Example: Failing Test
import (
"fmt"
"sync"
"testing"
)
func TestRaceConditionBookNoAtomicNoLock(t *testing.T) {
book := newBook("Atomic Habits")
wg := sync.WaitGroup{}
wg.Add(1)
go func() {
defer wg.Done()
book.TurnPage()
}()
fmt.Printf("Current page: %d\n", book.OnPage())
wg.Wait()
if book.OnPage() != 1 {
t.Error("Expected page to be 1, Actual page is ", book.OnPage())
}
}
Running the test with go test -race
will produce a race condition warning:
--- FAIL: TestRaceConditionBookNoAtomicNoLock (0.00s)
testing.go:1490: race detected during execution of test
FAIL
exit status 1
Understanding the Data Race Warning
Let's understand the key parts of a data race warning:
WARNING: DATA RACE
- There is a conflicting read-write operation (can also be write-read)
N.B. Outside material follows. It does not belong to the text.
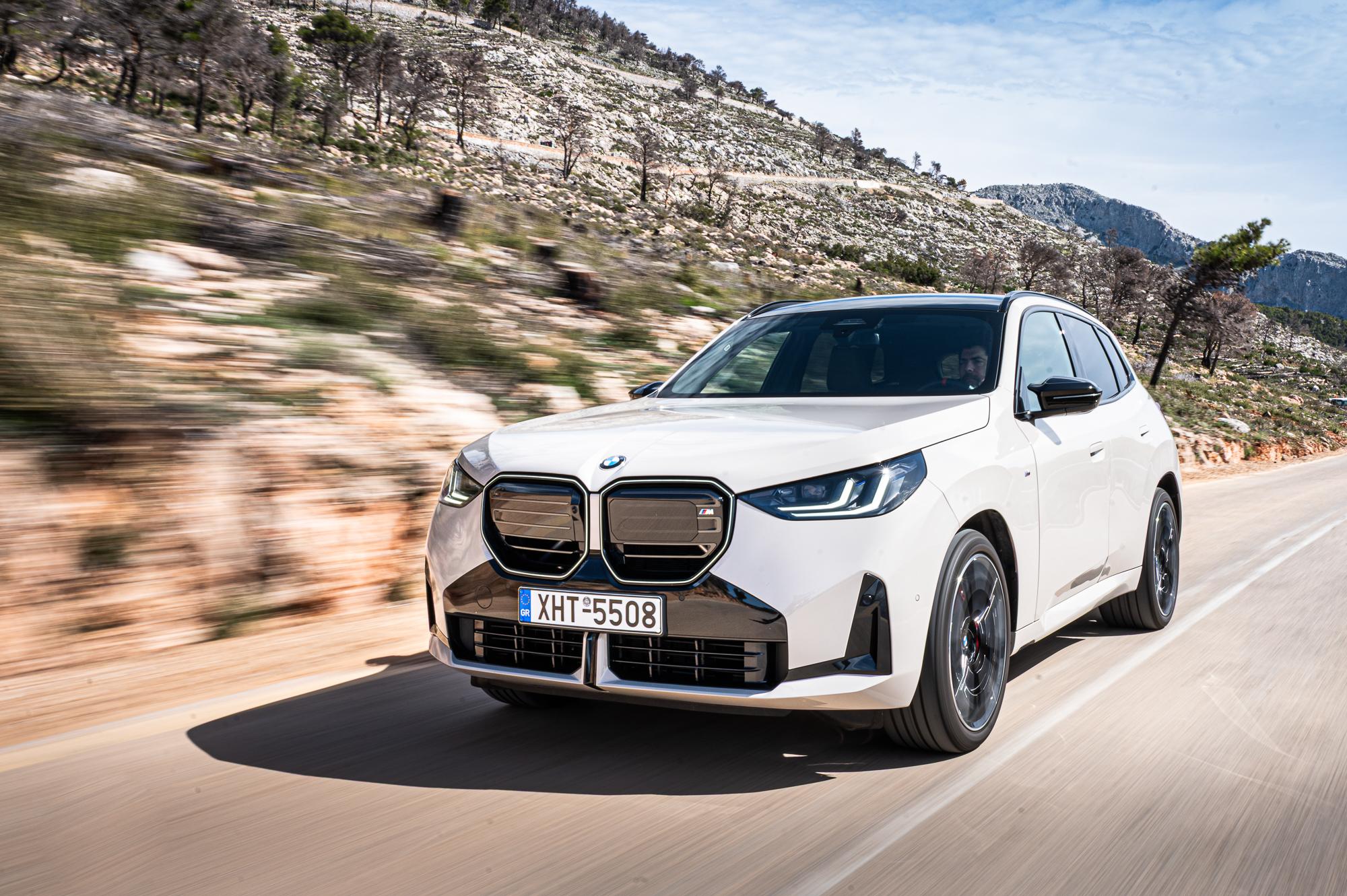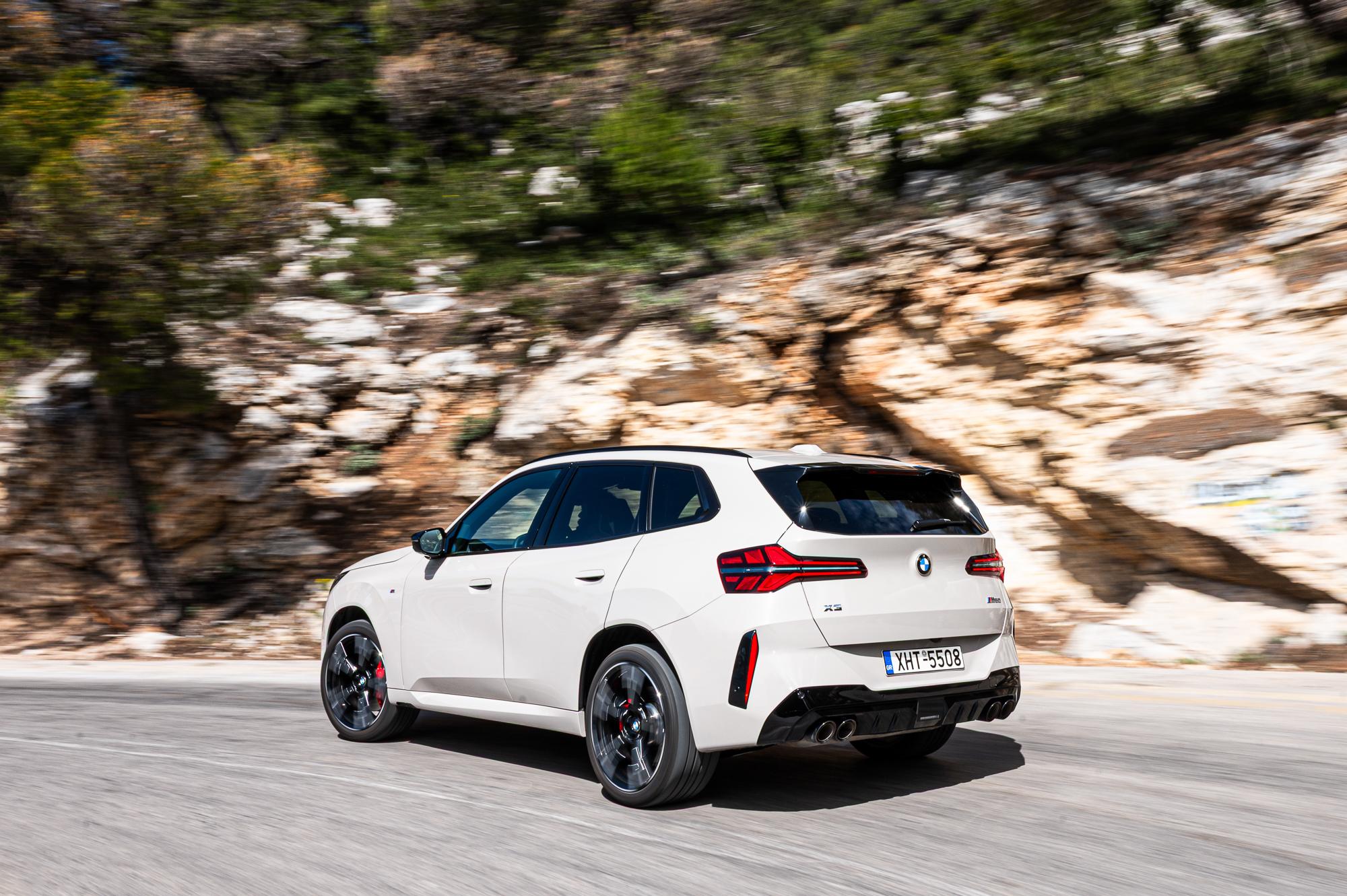 Η έκδοση M50 ξεχωρίζει από τις υπόλοιπες παραλλαγές της X3 μέσω πιο δυναμικών σχεδιαστικών επεμβάσεων. Οι πιο επιθετικοί προφυλακτήρες, οι τέσσερις απολήξεις της εξάτμισης και οι μαύρες ενθέσεις στο μπροστά και πίσω μέρος προσδίδουν στο μοντέλο μία ιδιαίτερα επιβλητική παρουσία. Η γκάμα της νέας X3 διαθέτει πολλές επιλογές κινητήρων βενζίνης, diesel και plug-in hybrid, όμως εδώ θα εστιάσουμε στην κορυφαία έκδοση, την Μ50 xDrive, που είναι εξοπλισμένη με τον εξακύλινδρο κινητήρα B58, τον οποίο θεωρώ ως έναν από τους καλύτερους κινητήρες αυτήν την στιγμή στην αγορά. Δεν μιλάμε για το πιο δυνατό, ούτε το πιο οικονομικό, ούτε το πιο αθόρυβο, ούτε το πιο οικολογικό μοτέρ. Μιλάμε όμως για αυτό που έχει τον καλύτερο συνδυασμό όλων αυτών, την χρυσή τομή. Δεν χρειάζεται περισσότερο σε τίποτα και δεν υστερεί πουθενά. Έχει τον τέλειο συνδυασμό απόδοσης, (κανένας σώφρων άνθρωπος δεν θα ζητήσει περισσότερη δύναμη σε πολιτικό αυτοκίνητο), απόλυτα συγκρατημένης κατανάλωσης καυσίμου και μια καταπληκτική καμπύλη ροπής που έχει δύναμη από πολύ χαμηλά και δεν κρεμάει ποτέ, ούτε ακόμα και όταν φτάσει στον κόφτη. Είναι απλά τέλειο.

- Conflicting read/write operations:
Write at 0x... by goroutine X
Previous read at 0x... by goroutine Y
0x...
is the troubled memory location- Location of the troubled code is typically revealed here
- Stack traces of both goroutines
- Name of the failed test due to data race
The full log:
==================
WARNING: DATA RACE
Write at 0x00c000010670 by goroutine 8:
github.com/tlylt/learn-go/book.(*Book).TurnPage()
/Users/yong/Documents/GitHub/learn-go/book/book.go:37 +0x98
github.com/tlylt/learn-go/book.TestRaceConditionBookNoAtomicNoLock.func1()
/Users/yong/Documents/GitHub/learn-go/book/book_test.go:27 +0x80
Previous read at 0x00c000010670 by goroutine 7:
github.com/tlylt/learn-go/book.(*Book).OnPage()
/Users/yong/Documents/GitHub/learn-go/book/book.go:21 +0x17c
github.com/tlylt/learn-go/book.TestRaceConditionBookNoAtomicNoLock()
/Users/yong/Documents/GitHub/learn-go/book/book_test.go:30 +0x188
testing.tRunner()
/usr/local/go/src/testing/testing.go:1792 +0x180
testing.(*T).Run.gowrap1()
/usr/local/go/src/testing/testing.go:1851 +0x40
Goroutine 8 (running) created at:
github.com/tlylt/learn-go/book.TestRaceConditionBookNoAtomicNoLock()
/Users/yong/Documents/GitHub/learn-go/book/book_test.go:25 +0x16c
testing.tRunner()
/usr/local/go/src/testing/testing.go:1792 +0x180
testing.(*T).Run.gowrap1()
/usr/local/go/src/testing/testing.go:1851 +0x40
Goroutine 7 (running) created at:
testing.(*T).Run()
/usr/local/go/src/testing/testing.go:1851 +0x684
testing.runTests.func1()
/usr/local/go/src/testing/testing.go:2279 +0x7c
testing.tRunner()
/usr/local/go/src/testing/testing.go:1792 +0x180
testing.runTests()
/usr/local/go/src/testing/testing.go:2277 +0x77c
testing.(*M).Run()
/usr/local/go/src/testing/testing.go:2142 +0xb68
main.main()
_testmain.go:51 +0x110
==================
--- FAIL: TestRaceConditionBookNoAtomicNoLock (0.00s)
testing.go:1490: race detected during execution of test
FAIL
exit status 1
Let's interpret the test failure.
The example test is failing because the CurrentPage
state at 0x00c000010670
is being concurrently operated by the write from TurnPage()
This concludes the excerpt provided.